Coppin State's Aliyah Lawson shoots over a Delaware State defender. (Timothy Rice/Courtesy of Coppin State Athletics)

After undergoing surgery a month later, Lawson began a yearlong rehabilitation, which she described as being worse than the actual injury.

“The hardest part was the mental aspect of it,” she said.Because it’s so long, everything feels like it’s so slow and it feels like you’re taking baby steps. You had to teach yourself how to walk again and how to do all of your mechanics. So yeah, it was painful, but it was more of the mental side of it. Just having to continue to wait and feeling so stagnant, that part was really hard. I’m very independent, and having to depend on other people to help because you can’t really move around even though you have your crutches and you have a big brace, I think the whole process itself was very overwhelming.”

After sitting out her junior year at high school, Lawson returned to the court for her senior year. But while attempting a left-handed layup during practice in December 2015, she tore the ACL in her left knee.

“That time, I knew that I tore it,” she said. “I knew because it was all just too familiar. I actually felt it. I knew that it was not good.”

It was around that time that the offers from Division I programs began to dry up. That is when Lawson would sift through the letters in the shoe box under her bed.

“When I was going through everything, I would come across it every now and then just to remind myself,” she said. “Or when I felt like I was really low and just discouraged or I was questioning if I even could do it, those were reminders that I could just go through and look back on as things that I did achieve when I was younger and that I still could achieve them.”

Lawson opted to take a postgraduate year at IMG Academy in Bradenton, Florida, and was medically cleared in December 2016. But 24 hours later in her first game, she tore the ACL in her left knee again while running back on transition defense.

“I think I was just a lot more in shock because I was by myself and I had my brace on in the open floor,” she said.

Lawson dreaded a third rehabilitation. But she couldn’t give up what has been a lifelong passion.

“I just didn’t want to be the person that had the potential to be good but got hurt,” she said. “Even worse, I didn’t want to ask myself one day, ‘What if I did keep going?’ So I just wanted to at least try and from there, allow everything else to happen.”

Despite Lawson’s injury-riddled past and the knowledge that she would miss the 2017-18 season, Franqua “Q” Bedell recruited her to join his team at Tallahassee Community College.
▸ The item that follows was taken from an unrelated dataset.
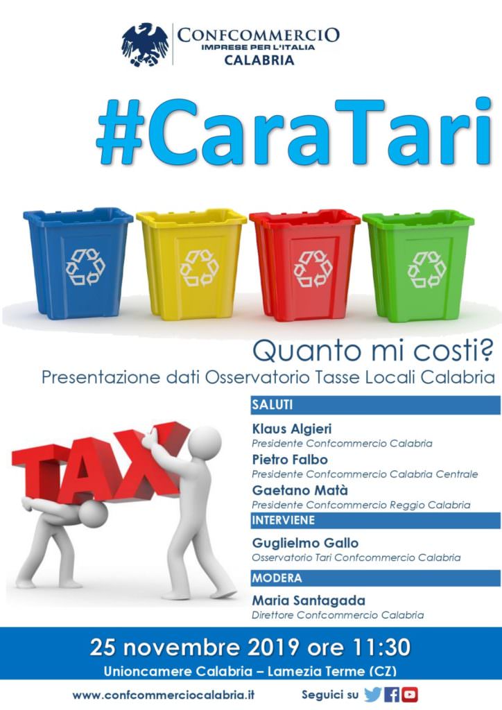 LAMEZIA TERME Il prossimo 25 novembre alle ore 11:30 presso la sede di Unioncamere Calabria in via delle Nazioni a Lamezia Terme si terrà il convegno organizzato da Confcommercio Calabria dal titolo “#CaraTari. Quanto mi costi?” il cui scopo è quello di far luce sui livelli di tassazione dei Comuni sulle imprese della nostra regione. Nel corso dell’evento, infatti, saranno presentati i dati dell’Osservatorio Regionale sulle Tasse Locali.

“Sometimes I think we get caught up in the injury aspect, and I had faith in what we did as a program and the people that helped her get to where she needed to get,” said Bedell, current coach at Odessa College and brother of Morgan State associate head coach Wanika Owsley. “I knew she was a really good player and most of all a good person. So I wanted her to be a part of our program and our brand.”

In her one season at Tallahassee in 2018-19, Lawson averaged 7.0 points, 2.7 assists, 2.6 rebounds and 1.9 steals in 25 games, including 20 starts. She ranked fourth among her teammates in 3-point percentage (. 348).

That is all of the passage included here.